Permanent exhibitionincluded in the day ticket
The fascination of maths - where logic and magic meet.
"In this house, everyone can do what I want." With this classic saying, Oskar von Miller, the founder and influential designer of the "German Museum of Masterpieces of Science and Technology" in Munich, summarised the "education-oriented hands-on principle" almost 100 years ago.
This quote illustrates phaeno's philosophy of presenting maths not just as abstract theory, but as a lively, interactive experience. Our new exhibits in the "Maths Magic" area invite visitors to discover maths in a playful way and make their own discoveries.
Children and adults can playfully test their logic and stamina with "knot puzzles": eight different knot puzzles of varying degrees of difficulty involve solving loops, moving rings from one loop to another or transferring complex structures into one another.
In the process, our explorers train their spatial imagination, strategic thinking and patience. At the same time, they gain an exciting insight into mathematical topology, a field that is also used in polymer physics and biochemistry.
A wide variety of patterns with small tiles or geometric figures can be laid at the "mosaic table". It is noticeable that many patterns are created simply and without gaps. This is due to the special shape of the tiles - they all have angles of 30°, 60° and 120°.
These and other exhibits show that tricky tasks are not only fun, but also encourage creative thinking and problem-solving skills in a playful way. Will you join in?
How is the straight red rod supposed to fit through the recess in this curved shape? Trying it out reveals the secret.
The recess in the plate describes a hyperbola, a special kind of curve. If you pass the rod through it and turn it, it describes a hyperboloid surface - an elegant geometric shape that looks as if it is curved, but is actually made up entirely of straight lines.
This phenomenon shows that curved surfaces do not always have to be "curved": they can be composed entirely of straight lines. This is referred to as a regular straight enveloping surface, which is equally exciting for engineers, architects and mathematicians in geometry.

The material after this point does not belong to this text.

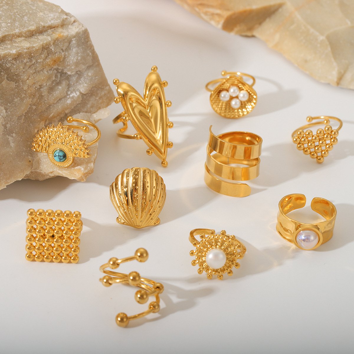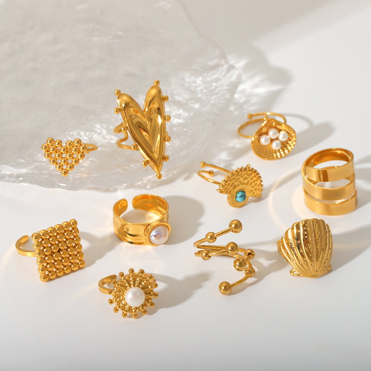 Shell Heart Pearl Ring

Amazement guaranteed: The red rod glides effortlessly through it - creating a perfect, seemingly curved shape in the air.
An amazing example of how our eyes sometimes deceive us - and that geometry is full of surprising magic!

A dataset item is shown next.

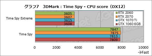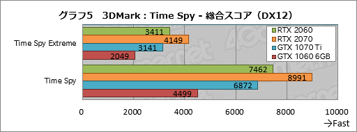 続いてグラフ6はTime SpyのGPUテスト結果を抜き出したものだが,ここでRTX 2060はGeForce GTX 10シリーズとのスコア差をさらに広げている。対GTX 1070 Tiでは約10%,対GTX 1060 6GBでは77〜78%程度も高いスコアだ。

In "Schneidering", children and young people discover in a playful way how three-dimensional bodies are broken down into surprising two-dimensional cut surfaces. A fanned-out laser penetrates Plexiglas bodies such as cubes or tetrahedrons and makes the edges of the cut surfaces visible - a fascinating insight into the geometric structure of the objects.
You will learn how to think spatially and understand the mathematical relationships between 3D shapes and their 2D sections. With six laser sources, optimised object placement and new, more robust shapes, the exhibit is particularly vivid and safe. In this way, "Schneidering" impressively demonstrates how maths and optics are linked and how exciting it is to experiment with shapes.
Experience the transition from flat 2D shapes to vivid 3D bodies! At this station, you can rotate two-dimensional cards with imprinted motifs. The rotation creates exciting three-dimensional bodies from the flat shapes - a fascinating experiment in geometry!
There are four different shapes that you can try out:
What exactly is happening here? You will experience solids of revolution that are created when a 2D surface is rotated around an axis. You will be familiarised with the mathematical concepts of rotation, volume calculation and symmetry. You will see live how angles and axes affect the shape.
The experiment brings maths and art together and shows how abstract mathematical ideas become visible and tangible. It is an exciting experience for anyone who enjoys science and maths!
In this exciting experiment, you can organise a race with balls on two tracks - one of which is longer than the other. Surprisingly, the track with the longer path wins!
Why is that? The longer track is a so-called brachistochrone, the fastest way to get from one point to another. It's not just about the length of the track, but also about the course and inclination of the track. Both balls start at the same speed, but reach their destination at different times - the ball on the "diversions" is faster!
There are these stations with one, two or three trajectories in our maths area, which illustrate different aspects of brachistochrone and show you how speed and movement are connected in surprising ways.
A fascinating example of optimisation and mathematics in physics that clearly explains the laws of motion!